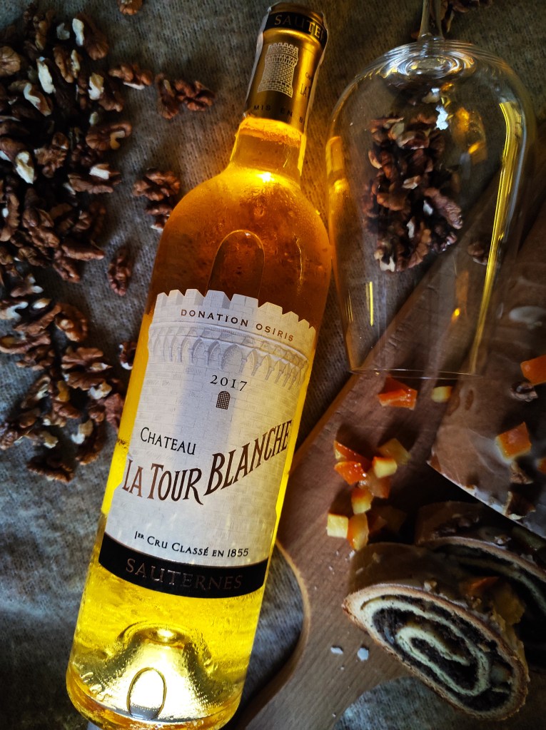 Wina próbowaliśmy przede wszystkim w towarzystwie domowych ciast, piernika i makowca. Chociaż w obu przypadkach sprawdzało się dobrze, wyróżnić muszę ten drugi wypiek. Sauterens zadziałał tu jak wzmacniacz smaku, wspaniale podkreślając bogactwo makowca, wyciągając na wierzch aromaty cytrusów, orzechów, maku i miodu. Niestety nie dysponowałem nawet kawałkiem sera z przerostem niebieskiej pleśni, który z pewnością świetnie odnalazłby się w towarzystwie omawianego wina. Na pewno możecie podać je także do kaczki, pasztetu z gęsimi wątróbkami lub sernika. My wykonaliśmy jeszcze krótki test, próbując La Tour Blanche do, prócz ciast, kilku rzeczy które akurat mieliśmy w domu. Spróbowaliśmy dwóch rodzajów orzechów arachidowych – lekko pikantnych w chrupiącej panierce oraz takich z miodową polewą, pikantnego salami – ventricina oraz serów: pecorino romano i fontal. Wino zdecydowanie najlepiej wypadło w połączeniu ze słonym owczym serem, lekko podbijając odzwierzęce aromaty i jednocześnie łagodząc jego smak. Dalej wymieniłbym pikantne orzechy arachidowe i salami. Słodkie wino przyjemnie łagodziło ostrość obu, nie mogę jednak powiedzieć, żebyśmy mieli do czynienia z jakąś wartością dodaną. Najgorzej wypadły orzeszki w miodowej polewie i łagodny fontal. Oba utonęły w słodyczy Sauternesa, stając się ledwo wyczuwalnymi. 4,2/5
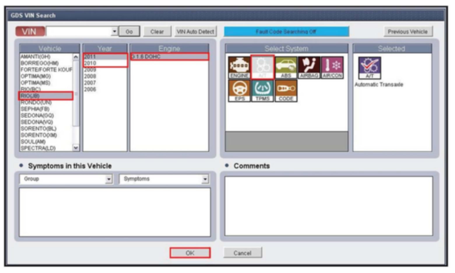 5. With the ignition key ON, turn ON the VCI and GDS tool. Access the GDS vehicle identification number (VIN) screen and configure the vehicle using the VIN AUTO DETECT Function.
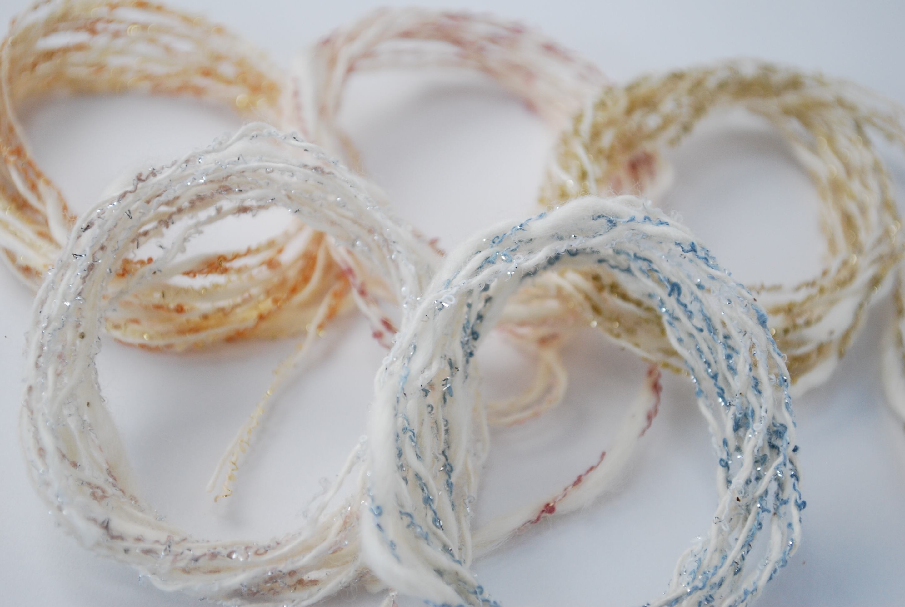 スラブラメミックスは、柔らかなスラブ糸にミニループラメ糸を撚糸して作られたファンシーヤーンで、繊細な色合いときらめきが特徴な糸になります。
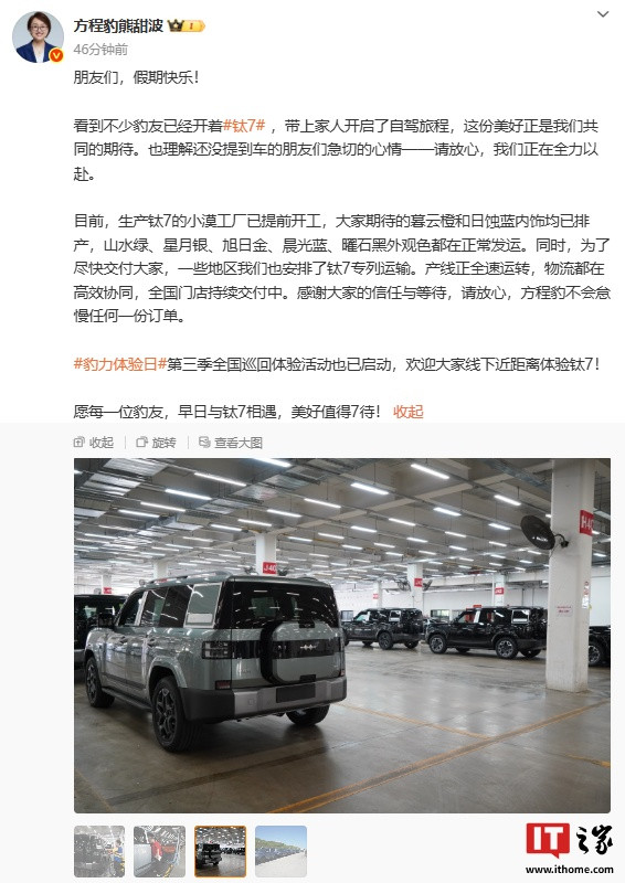 IT之家10月4日消息,比亚迪集团-方程豹事业部总经理熊甜波今日发文透露,生产钛7的小漠工厂已提前开工,暮云橙和日蚀蓝内饰均已排产,山水绿、星月银、旭日金、晨光蓝、曜石黑外观色都在正常发运。
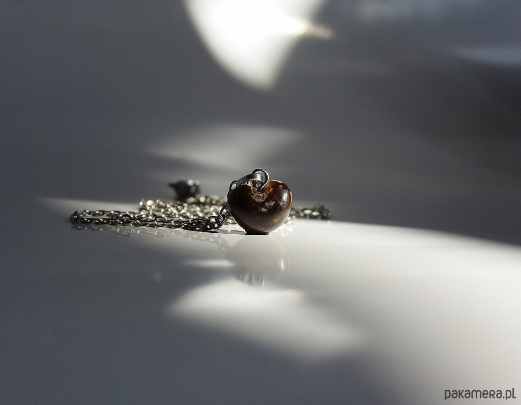 Wymiary pestki: wys. 8 mm, szer. 10 mm, grubość 4 mm. Długość łańcuszka z zapięciem 45 cm.
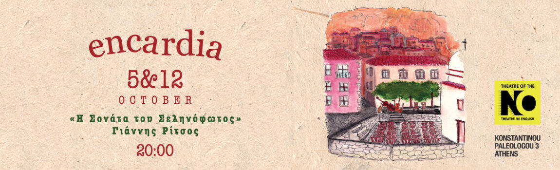 Το THEATRE OF THE NO υποδέχεται τους Encardia σε μια ξεχωριστή μουσικοθεατρική απόδοση της «Σονάτας του Σεληνόφωτος» του Γιάννη Ρίτσου. Η ποίηση και η μουσική ενώνονται για να δημιουργήσουν μια μοναδική εμπειρία, όπου οι στίχοι του Ρίτσου συνομιλούν με τη σύγχρονη δημιουργία του συγκροτήματος. Για δυο παραστάσεις την Κυριακή 5 και 12 Οκτωβρίου στις 20.00.

————————

WORK REQUEST:
Only the lines from the one containing "スラブラメミックスは、柔らか" through the last line of the entries, both included, should be repeated exactly, and the pictures should be left out.

WRITTEN SOLUTION:
 スラブラメミックスは、柔らかなスラブ糸にミニループラメ糸を撚糸して作られたファンシーヤーンで、繊細な色合いときらめきが特徴な糸になります。
 IT之家10月4日消息,比亚迪集团-方程豹事业部总经理熊甜波今日发文透露,生产钛7的小漠工厂已提前开工,暮云橙和日蚀蓝内饰均已排产,山水绿、星月银、旭日金、晨光蓝、曜石黑外观色都在正常发运。
 Wymiary pestki: wys. 8 mm, szer. 10 mm, grubość 4 mm. Długość łańcuszka z zapięciem 45 cm.
 Το THEATRE OF THE NO υποδέχεται τους Encardia σε μια ξεχωριστή μουσικοθεατρική απόδοση της «Σονάτας του Σεληνόφωτος» του Γιάννη Ρίτσου. Η ποίηση και η μουσική ενώνονται για να δημιουργήσουν μια μοναδική εμπειρία, όπου οι στίχοι του Ρίτσου συνομιλούν με τη σύγχρονη δημιουργία του συγκροτήματος. Για δυο παραστάσεις την Κυριακή 5 και 12 Οκτωβρίου στις 20.00.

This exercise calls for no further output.